• **Assignment**
From the listing below, please restate exactly the lines beginning at the one with "Nőies, csinos szövetkabát" and ending at the one with "In the last", both included, and skip the pictures.

• **Exercise data**
BEGIN

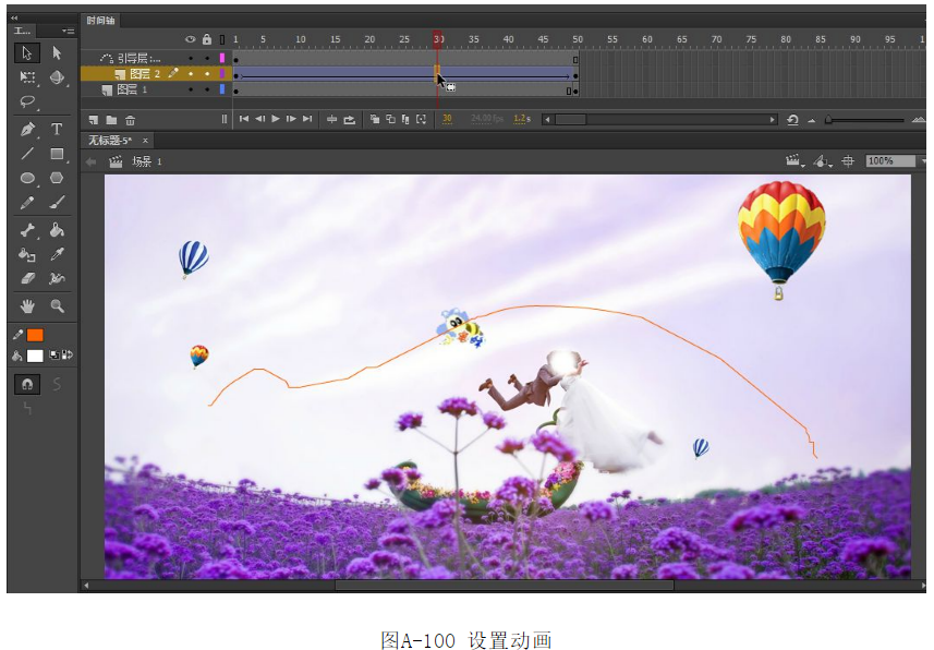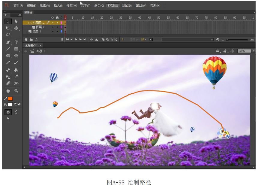 ?在圖層2的上面單擊鼠標(biāo)右鍵,在彈出列表中選擇【添加傳統(tǒng)運動引導(dǎo)層】選項。選擇工具箱中的【鉛筆工具】,繪制一條引導(dǎo)路徑,如圖A-98所示。
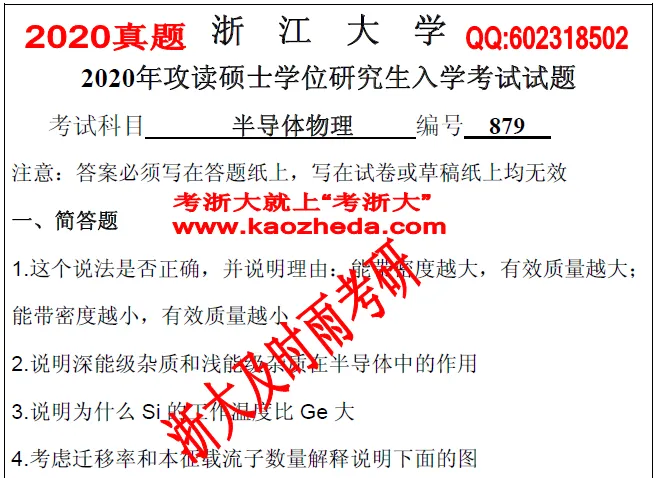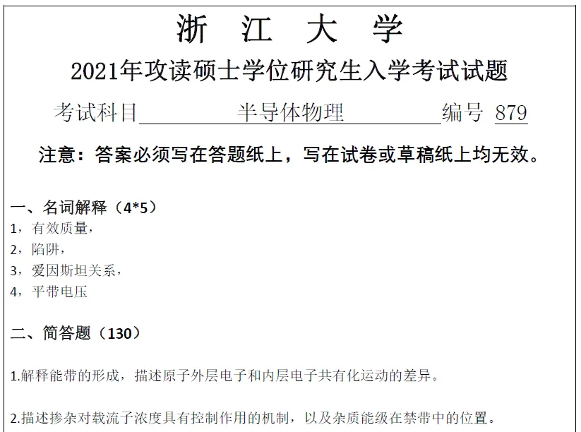2、2026年浙江大学研究生入学考试半导体物理(879)模拟题预测题二
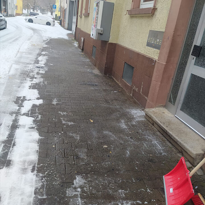Das Räumen von Schnee und Streuen in Pforzheim wird dank Proctes zu einem Kinderspiel. Wir befreien Ihre Gehwege komplett und regelmäßig von Schnee und Glatteis. Dadurch wird Sicherheit auf Ihrem Grundstück, Gehwegen und Parkplätzen gewährleistet. Auf kleinen Flächen nutzen wir klassische Schneeschaufeln. Sobald es sich um größere Bereiche handelt, kommen die Schneefräsen zum Einsatz. Nach dem Entfernen des Schnees verteilen wir das Streugut auf den begehbaren Flächen, damit jegliches Glatteis schmilzt und die Entstehung von neuem Frost vorgebeugt wird.
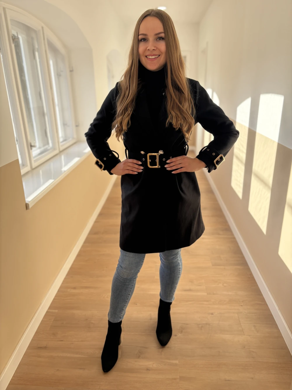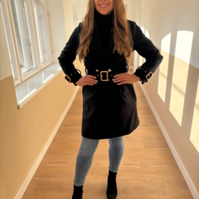 Nőies, csinos szövetkabát divatos színekben. Aranyozott gombokkal, ujjain és derekán övvel díszített darab. Térd alá érő hosszúságú, saját anyagából készült öv tartozik hozzá, mellyel teljesen alakra karcsúsítható.
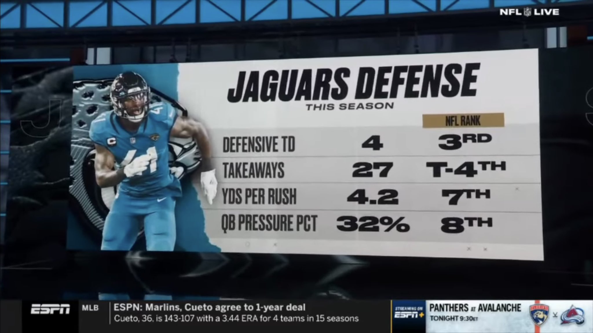In the last 5 weeks, the #Jaguars outside cornerbacks have allowed just 95 yards, 1 INT, and 1 TD
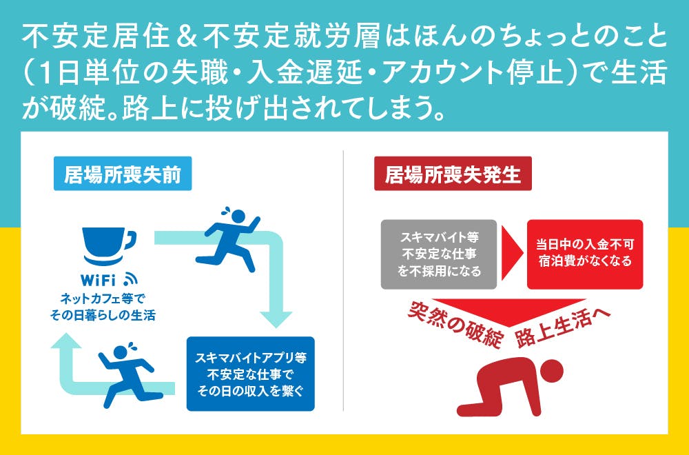 不利な条件のまま社会に出て、挽回する機会がないまま住まいを失うと、その後は「現状維持だけで手一杯」という状態に追い込まれます。そこから自力だけで抜け出すことは容易なことではありません。
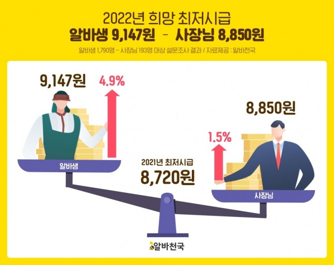 이미지 확대보기구인구직 아르바이트 전문 포털 ‘알바천국’이 알바생 1790명과 사장님 193명을 대상으로 2022년 희망 최저시급을 조사한 결과, 알바생은 평균 9147원, 사장님은 8850원을 원하는 것으로 집계됐다.
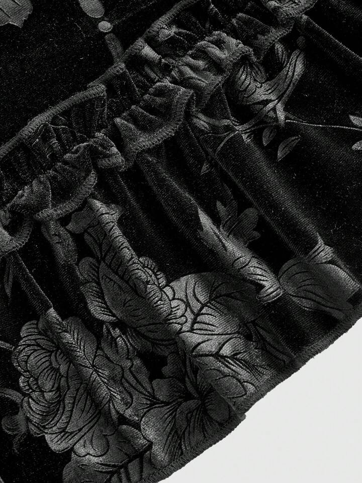 Fairycore Samtkleid Für Damen, Verziert Mit Einem Metallischen Blumenanhänger
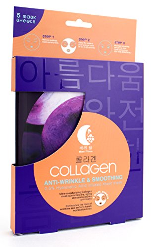 Berry Moon Korean Sheet Mask with Collagen. Collagen Sheet mask for wrinkles. Great for dry skin. With .5% Hyaluronic Acid. Contains 5 sheet mask.
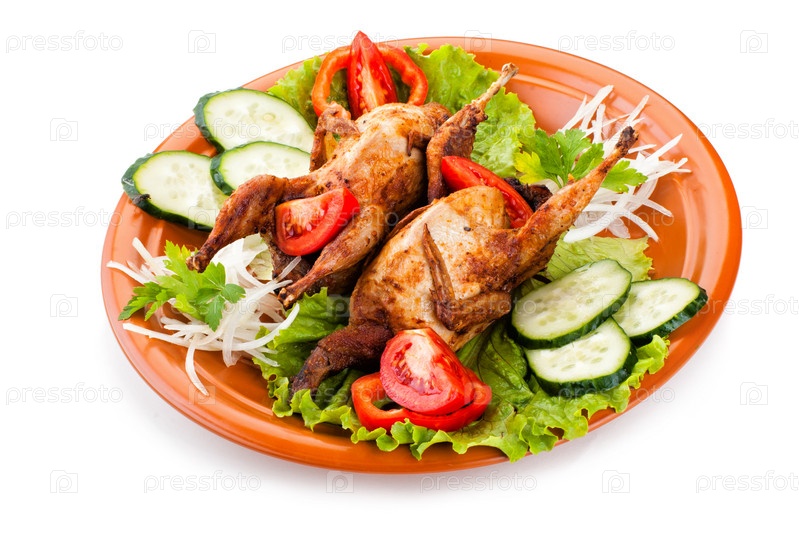 Перепела с огурцом, томатами и луком
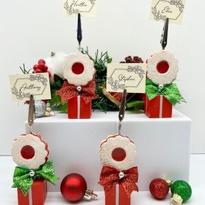 Add a festive touch to your holiday table with this set of 4 Christmas Linzer Cookie Place Card Holders. Each holder is handcrafted with a realistic hand sculpted clay linzer cookie design, sparkling with holiday cheer, and set on a red wooden gift box accented with glitter bows.
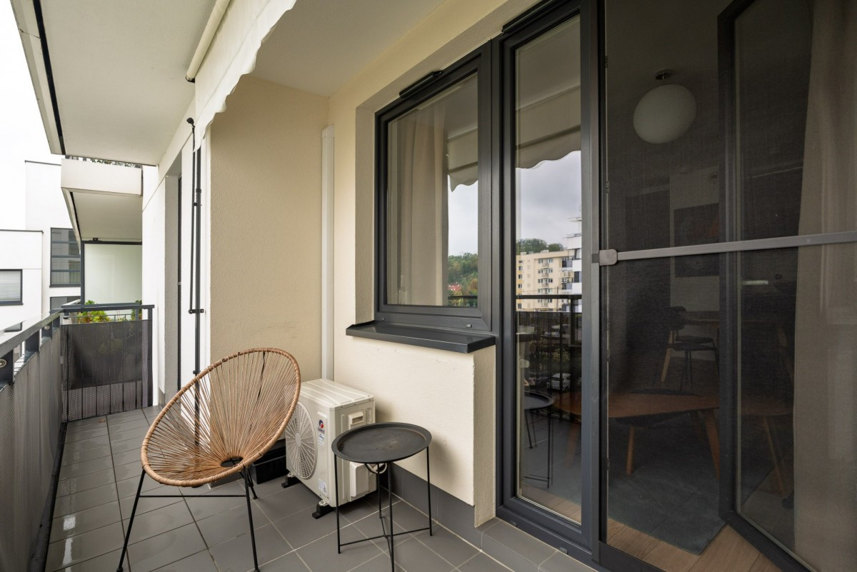 Wykończony z dbałością o każdy detal, został wyposażony w klimatyzację, w pełni umeblowany oraz zaopatrzony w telewizor, zmywarkę, pralko-suszarkę, czajnik elektryczny, żelazko i odkurzacz. Mieszkanie jest gotowe do wprowadzenia się od zaraz.
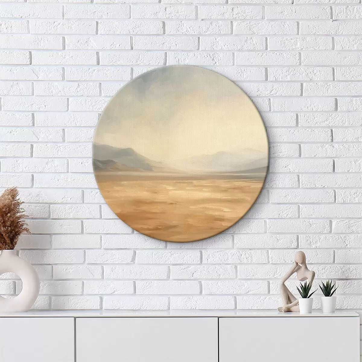 Ronde schilderijen Woestijn met bergen op de achtergrond een rustig landschap r39835
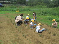このえだまめは、畑の先生の金剛寺さん(隣の畑)の畑でできました。「つやひめ」という名前で茶豆の一種です。「湯あがり娘」が有名ですが、「つやひめ」も同じくらいゆでた時の香りが強いことを金剛寺さんが教えてくれました。1年生が力を貸してくれた今日の給食は、一層おいしく感じられました。ちなみに、1年生がそれぞれ数えたさやの数を合計すると【761】でした。食育、生活科、算数を関連付けた学習となりました。
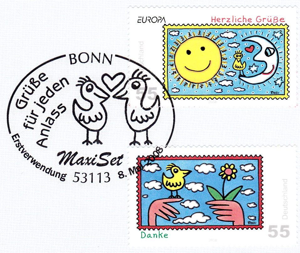 Zu den vier selbstklebenden Marken aus dem Markenheftchen wurde am Ausgabetag des Heftchen auch ein Erstverwendungsstempel in Bonn eingesetzt.
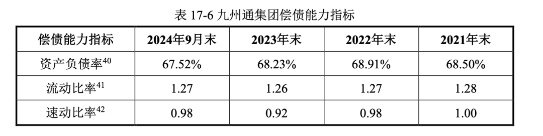2021-2023年末及2024年9月末,九州通资产负债率分别为68.50%、68.91%、68.23%和67.52%,报告期各期末,九州通资产负债率保持在较高水平。
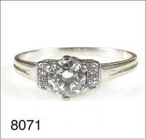 Brillantring, WG 585/000, 1 großer Brillant, 4 kleine Diamanten, sehr sauber getöntes weiß, 0,63 ct graviert, RW 54
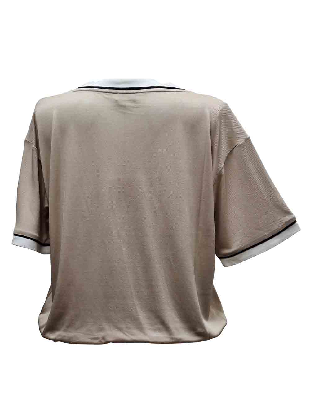 Maglia donna color beige, scollo a V regolare, in viscosa fresca e cascante tessuto lavorazione piquet, mezza manica con girocalato stile anni ’80, modello morbido e blusante, con bordo più coulisse regolabile sul fondo. Il bordo dello scollo e del fondo maniche sono rifiniti in doppio colore panna/nero.
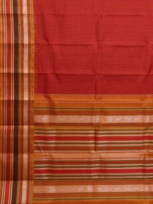 Red Checked Kanjeevaram Pattu Pettu Silk Saree With Mustard Yellow Border
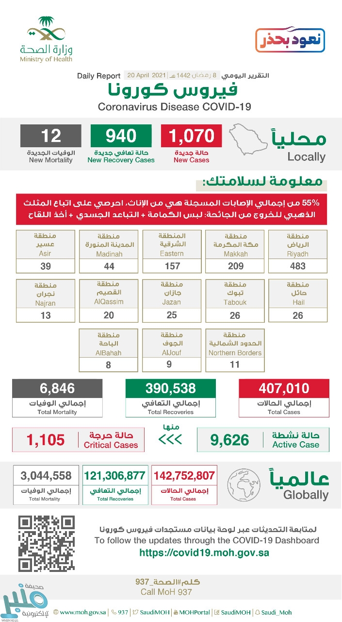 وأضافت الصحة أن إجمالي حالات المصابين في المملكة وصل إلى 407010 حالة حتى الآن ، ووصل مجموع المتعافين إلى 390538 حالة ، فيما بلغ إجمالي الوفيات 6846 حالة وفاة .
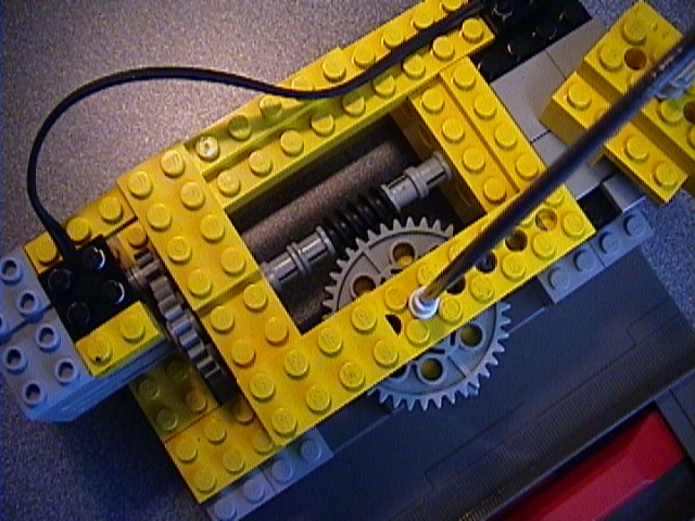 The gearing itself is very simple- with the 2x6 plate removed from above the motor, you can see all the gears from above. There is a small 8-tooth gear on the motor shaft that engages a 24-tooth gear. That gear shares a shaft with a worm (screw) gear. The worm gear engages the big 40-tooth gear that is attached to the top of the control. There is plenty of torque to turn the control, with a 120:1 gear ratio from the motor. It takes about 15 seconds to rotate a full 360 degrees, which gives a rough estimate of 480 RPM as the speed of the Technic motor.
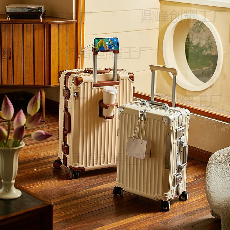2024 新しいスーツケース女性の PC トロリーケース強くて耐久性のあるインターネット有名人のファッションレトロスーツケース学生レザーケース
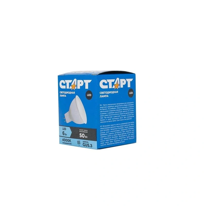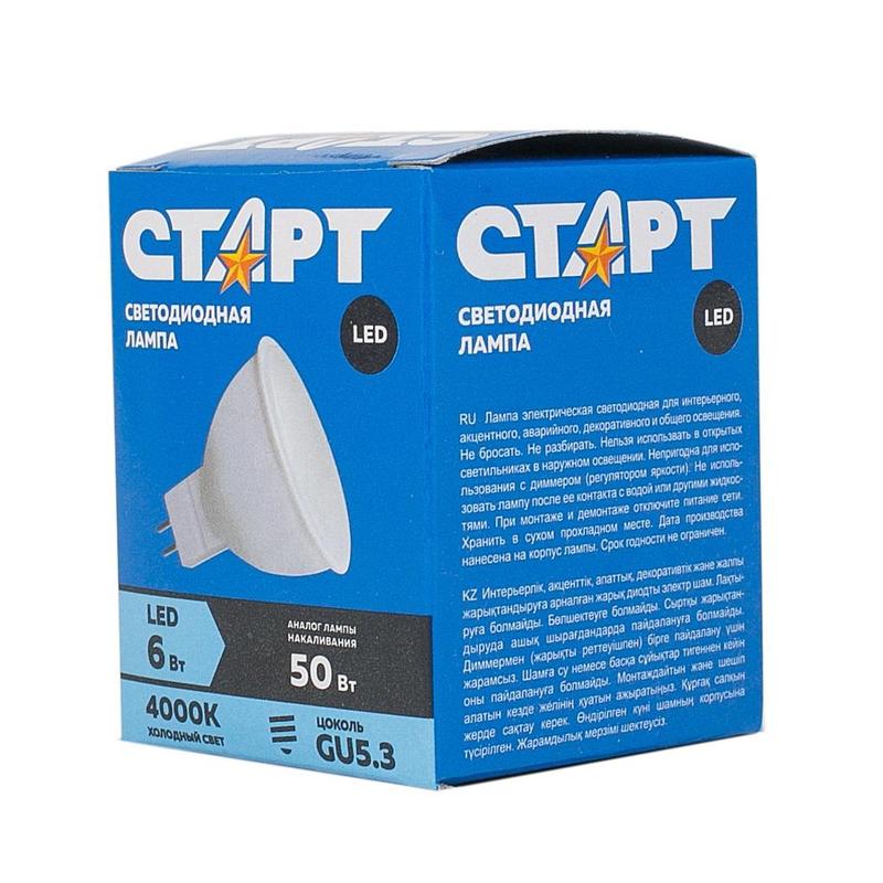 Лампа светодиодная Старт 6Вт, GU5.3, холодный белый свет, рефлектор
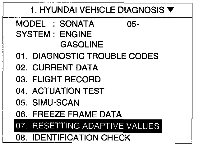 7. Check a fault code(DTC) on Hi-Scan(Pro) if the TPS adaptation was successful.
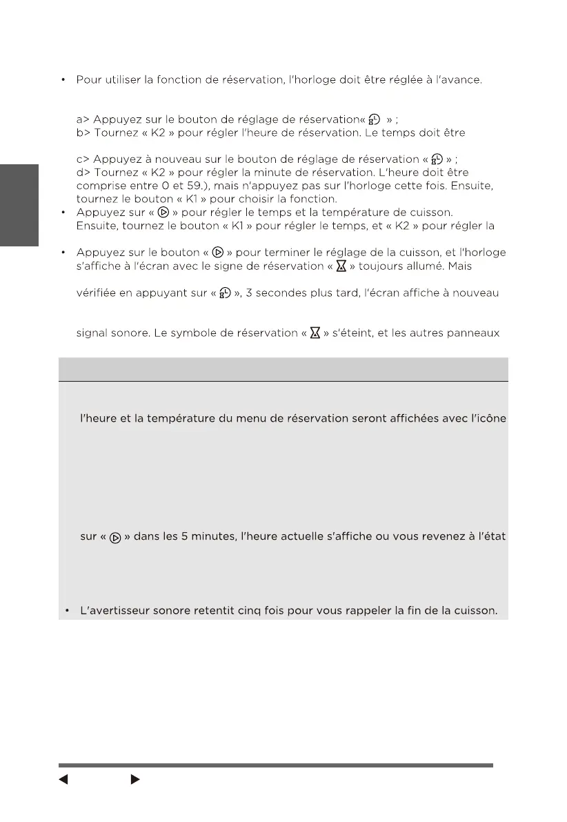 • Au moment de la réservation, la cuisson démarre automatiquement après un

END

• **Response area**
 Nőies, csinos szövetkabát divatos színekben. Aranyozott gombokkal, ujjain és derekán övvel díszített darab. Térd alá érő hosszúságú, saját anyagából készült öv tartozik hozzá, mellyel teljesen alakra karcsúsítható.
In the last 5 weeks, the #Jaguars outside cornerbacks have allowed just 95 yards, 1 INT, and 1 TD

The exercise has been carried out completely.